Taking a few measurements on my 44’s, the rear element appears to protrude through the M42 to EF adapter by about 1.4mm at infinity focus on all of them. So it looks like any one of them could potentially cause the mirror problem on the right (or wrong) DSLR body. What I don’t know is if my 6D is one of the Canon models that might be an issue.
As a result, being a bit risk averse when it comes to taking chances with my cameras I’ve never tried any of my Helios 44s at infinity focus on the 6D.
However, last year I upgraded my camera and now mainly use a Canon EOS R, with the standard Canon RF to EF mount adapter to use my EF lenses. Because of the reduced mount to sensor distance with the R-series cameras the adapter is quite thick and that extra distance allied to the lack of a mirror means it’s now safe to use the Helios 44s at any focus distance I want.
The Idea: a Rear Mount Flare Adapter
After I’d been playing with the 44s I also dug out my anamorfake modified Pentacon 50mm f1.8 and stuck that on the M42 mount on the front of my EF/RF adapter. This gave great elliptical bokeh, but also got me thinking: what about the anamorphic style flares I was working on a couple of years back? Going back to my experiments with flare filters post, possibly the best result was with the flare filter at the back of the lens. So inspired by the Canon RF-EF adapter with drop-in filters, how about making a mount with a slot-in flare filter?
Taking another sideways step, how about making an elliptical aperture insert for the adapter as well? I’ve no idea how well having the aperture behind the lens would work optically, but since it’s only likely to be a small change from the flare filter insert it’s got to be worth a try.
- Thin EOS RF to M42 mount ring (mine is Pixco brand bought on eBay)
- Flanged M42 (to Canon EF) mount ring
- 3D printer filament
- Fishing line (0.1mm/2lb)
- M1.6 bolts (5mm and 12mm)
- Heat set threaded inserts (M1.6 x 4mm)
- 52mm internal diameter, 1.5mm diameter o-rings (x2)
Looking at the lens mount to sensor distances for the Canon EF and RF mounts, for the EF mount it is 44mm and for the RF it’s 20mm. That means the total thickness of the adapter should be 24mm. Measuring the thickness of my Canon EF-RF adapter reassuringly gave me a reading of 24mm.
I decided to use a pair of metal lens mounts at the ends for solidity. The one at the camera end is a thin M42 to RF mount that’s designed to be used with extension tubes. This has a thickness of 1.7mm, so the length of the adapter’s body has been set at 22.3mm to allow for this.
At the lens end I’ve used a flanged M42 to Canon EF mount, as a) I had one lying around, and b) its overall diameter is similar to the M42-RF mount used at the other end of the adapter.
The thickness of the M42 to EF mount added to the 24mm depth of the adapter and the 20mm distance to the sensor in the EOS-R should give very close to the mount to sensor distance for M42, which is 45.46mm.

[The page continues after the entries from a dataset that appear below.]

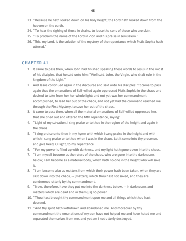 4523. \heaven on the earth,24. \25. \26. %uttered.\CHAPTER 411. It came to pass then, when John had finished speaking these words to Jesus in the midst of his disciples, that he said unto him: \kingdom of the Light.\2. And Jesus continued again in the discourse and said unto his disciples: \again thus the emanations of Self-willed again oppressed Pistis Sophia in the chaos anddesired to take from her her whole light; and not yet was her commandment accomplished, to lead her out of the chaos, and not yet had the command reached me through the First Mystery, to save her out of the chaos. 3. It came to pass then, when all the material emanations of Self-willed oppressed her, that she cried out and uttered the fifth repentance, saying:4. \the chaos.5. \which I sang praise unto thee when I was in the chaos. Let it come into thy presence, and give heed, O Light, to my repentance.6. \7. \below; I am become as a material body, which hath no one in the height who will save it.8. \cast down into the chaos, -- [matters] which thou hast not saved, and they are condemned utterly by thy commandment.9. \matters which are dead and in them [is] no power.10. \decreed.11. \commandment the emanations of my eon have not helped me and have hated me and separated themselves from me, and yet am I not utterly destroyed.
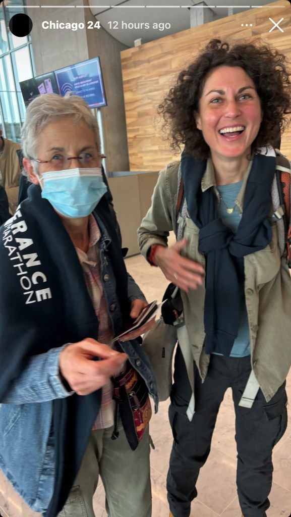 Au bout de quelques minutes, je réceptionne maman à bout de souffle mais nous serons bien dans le vol de 13h10 pour Chicago !
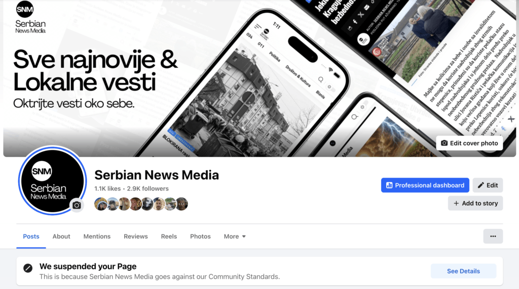 Informativni portal Serbian News Media od danas više nema aktivnu Facebook stranicu. Trenutno radimo na rešavanju problema koji je nastao usled velikog broja prijava na naše objavljene tekstove.
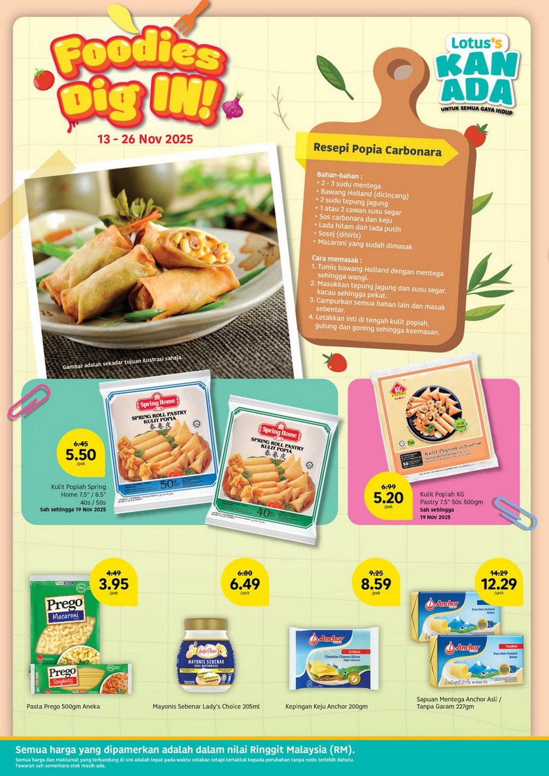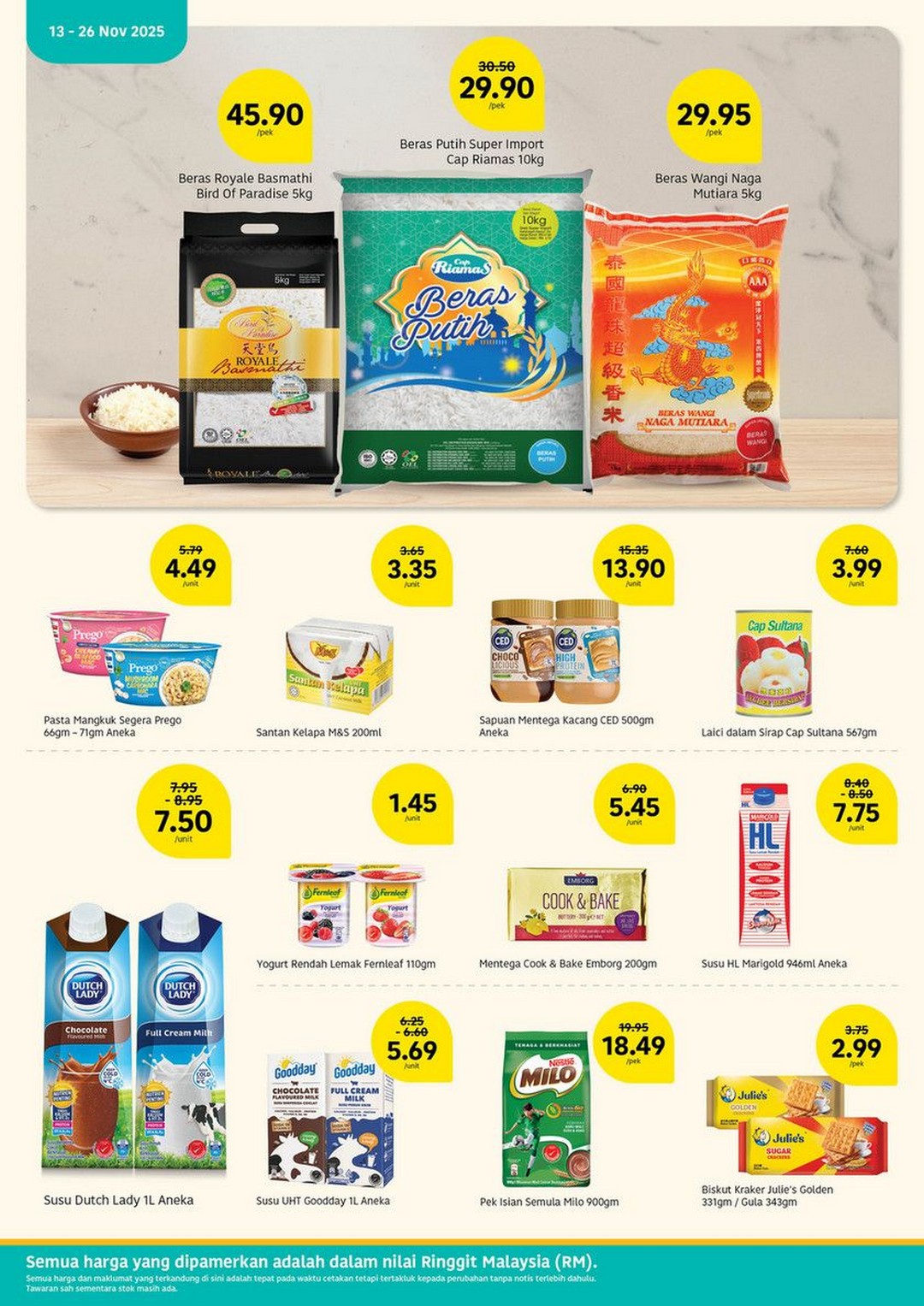For those who enjoy ready-to-eat meals or unique flavours, the catalogue features Lotus’s brand and Thailand-themed items. Mi Segera Tomyum Kung Asli / Creamy Lotus’s 10 x 55gm is priced at RM9.99 per pack, providing a quick and tasty option for lunch or dinner.
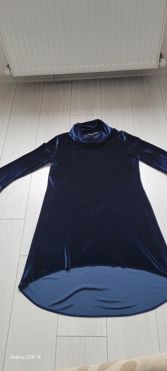 Lacivert renkte, yumuşak ve sıcak kumaştan yapılmış, yüksek yakalı ve uzun kollu, Dökümlü tasarımı ve uzun boyu ile gotik tarzı yansıtıyor.
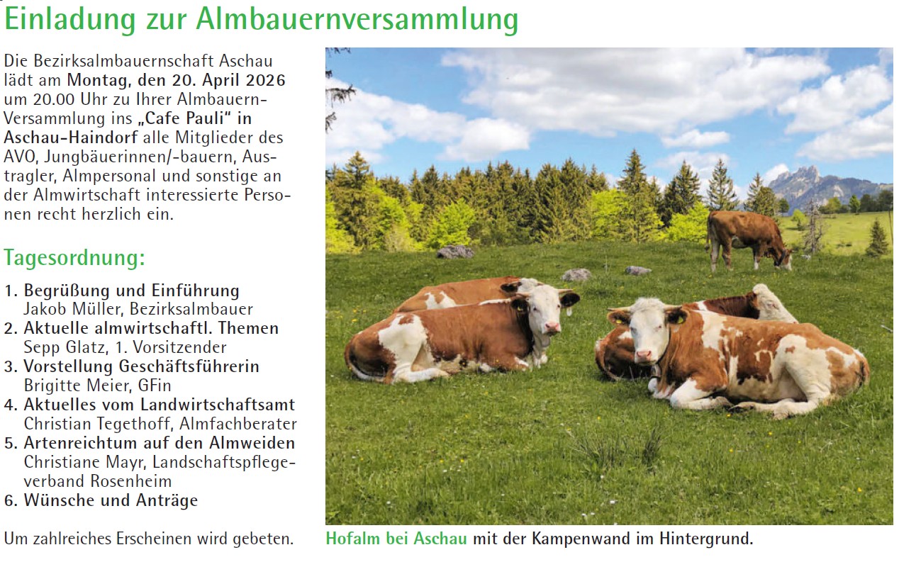 Mo., 20.04. Almbauernversamlung Aschau 20.00 „Cafe Pauli“ in Aschau-Haindorf

The thickness of the ring should ideally be 1.46mm, but anything in the range of about 1.25 to 1.5mm should work. Using a flanged mount means that later ‘automatic’ only M42 lenses (like the Helios 44M-4, with the stop down push pin in the mount) can be used at all apertures.
Using different lens to EF mounts for the front of the adapter should be possible. Non-EF mounts may be problematic, however, as many of them have a smaller diameter than the Canon EF. If the chosen mount’s overall diameter is smaller it may not be possible to drill it so the fixing screws line up with the holes in the adapter.

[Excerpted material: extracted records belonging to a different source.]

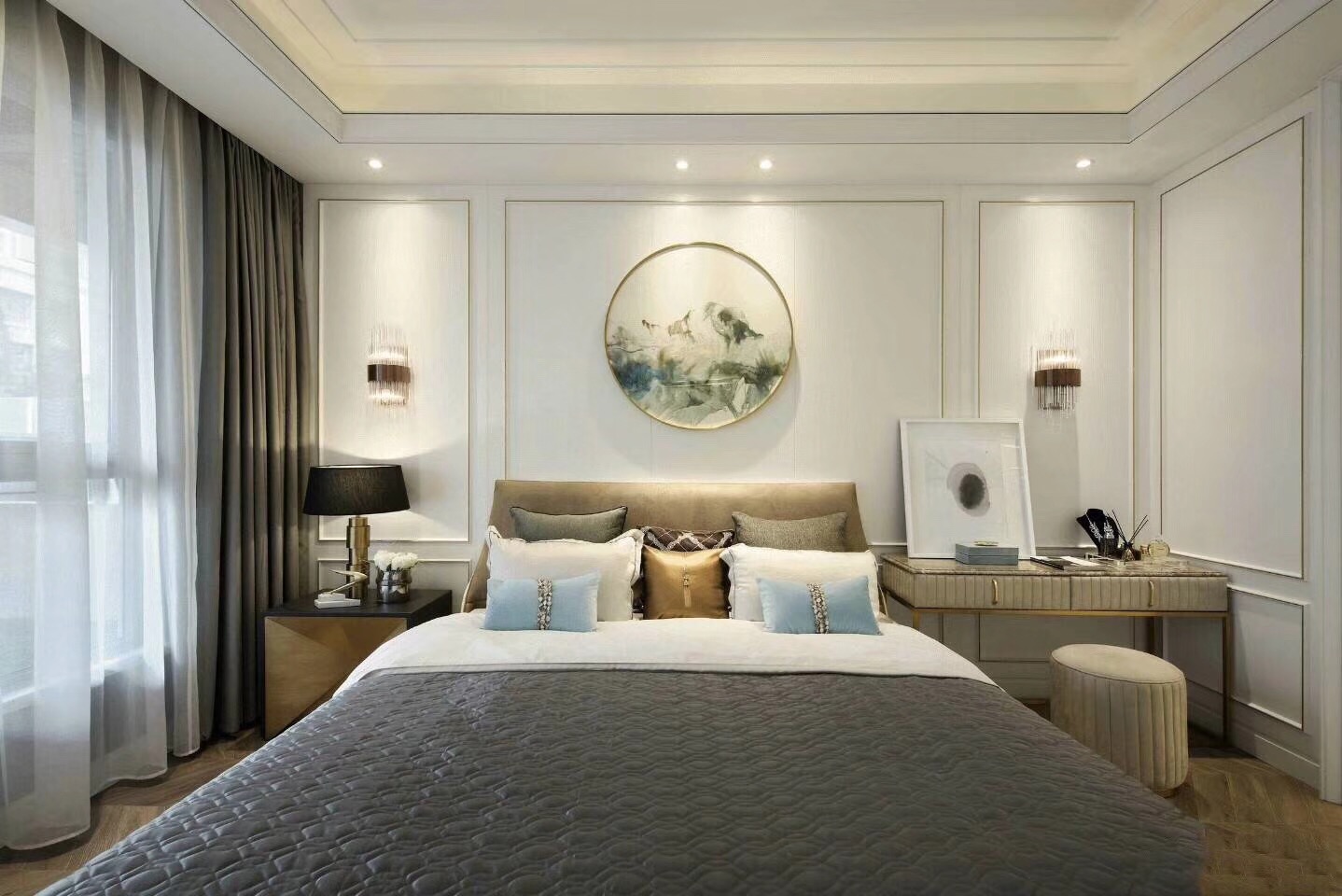 本案例以高品質、設計感、舒適、簡約為風格特點,但是它比極致簡約風格更注重品質和設計感。摒棄傳統(tǒng)的奢華風格,回歸生活本真,家居空間給人時尚簡約、氣質優(yōu)雅且不失溫馨舒適的感覺。
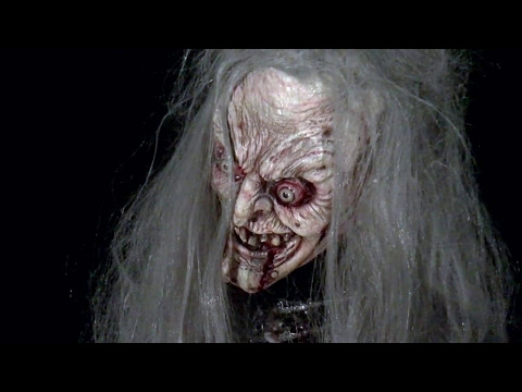 Witch head lifts and goes left to right, arms lift, both elbows bend as she shoots out 8′ while screaming to come face to face with patrons.
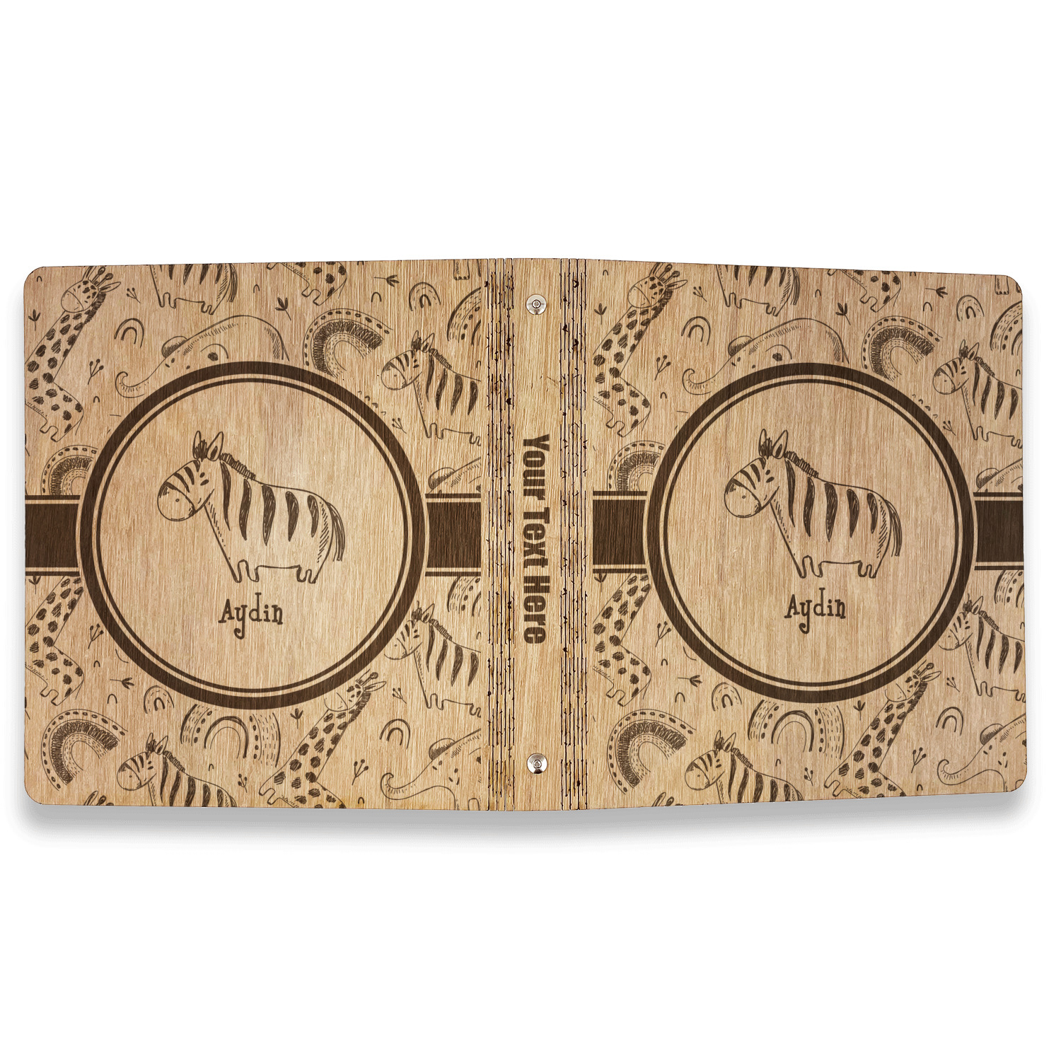 Made from premium hardwood, these are laser engraved then polished with wax to give a nice sheen and smooth feel to the product. The inside of the binders are finished with a faux leather material which is bonded to the inside of the wood to strengthen the wood and give the inside the same refined finish. The rustic brown and gold leather material adds a nice classic touch to the binders.

Adapter Body and Internals
The adapter body is designed to be printed in two parts, split at the front of the side slot. This means the body can be printed without supports round the slot-in insert, which should make for a smoother surface and a better seal.
Taking a look at my Canon EF-RF adapter, the inside surface has a series of ‘baffles’ to reduce internal light reflections. Given that my adapter is designed for 3D printing, creating similar baffles in a single print would be very difficult.

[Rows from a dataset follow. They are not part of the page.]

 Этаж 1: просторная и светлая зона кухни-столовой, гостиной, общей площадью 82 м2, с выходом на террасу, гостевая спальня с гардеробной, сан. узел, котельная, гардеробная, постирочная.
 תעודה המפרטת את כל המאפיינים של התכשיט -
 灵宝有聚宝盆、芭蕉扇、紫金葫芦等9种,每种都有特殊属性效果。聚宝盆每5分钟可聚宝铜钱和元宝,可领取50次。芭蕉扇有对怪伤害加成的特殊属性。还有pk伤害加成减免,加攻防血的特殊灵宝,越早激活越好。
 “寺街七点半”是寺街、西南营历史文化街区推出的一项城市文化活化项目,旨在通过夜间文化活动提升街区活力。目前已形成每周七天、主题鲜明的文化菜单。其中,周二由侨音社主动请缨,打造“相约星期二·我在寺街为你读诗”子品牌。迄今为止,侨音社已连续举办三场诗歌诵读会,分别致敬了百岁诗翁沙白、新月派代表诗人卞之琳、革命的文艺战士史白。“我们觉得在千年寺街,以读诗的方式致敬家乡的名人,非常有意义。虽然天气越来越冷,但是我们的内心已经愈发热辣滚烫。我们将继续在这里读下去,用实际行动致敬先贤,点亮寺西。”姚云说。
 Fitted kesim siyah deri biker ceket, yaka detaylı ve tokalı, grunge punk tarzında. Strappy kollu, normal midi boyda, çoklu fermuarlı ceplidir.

As an alternative I’ve designed them as a series of rings that can be printed independently and stacked inside the back part of the body of the adapter before the two parts are screwed together.
To ensure a reasonably light- and dust-tight seal round the slot-in insert I’ve included a pair of o-rings, one on either side. One of these is in the front baffle and the other is in the back of the front body part.
The mounting rings at either end are designed to be held in place by M1.6 bolts, with heat set threaded inserts in the adapter body.
The slot-in insert comes in two flavours. The flare version has a recessed hole in the centre to fit a disk holding the fishing line and the second has a fixed elliptical aperture in the centre.
It’s pretty important that the mounts at either end of the adapter are aligned properly. If the rear mount isn’t the slot in insert won’t be horizontal, which apart from looking rubbish would make it difficult to get the fishing line and elliptical aperture vertical. With the front mount, misalignment would mean the aperture markers and focus scale might not be in very usable positions. To ensure proper alignment I’ve designed a couple of printable drilling templates.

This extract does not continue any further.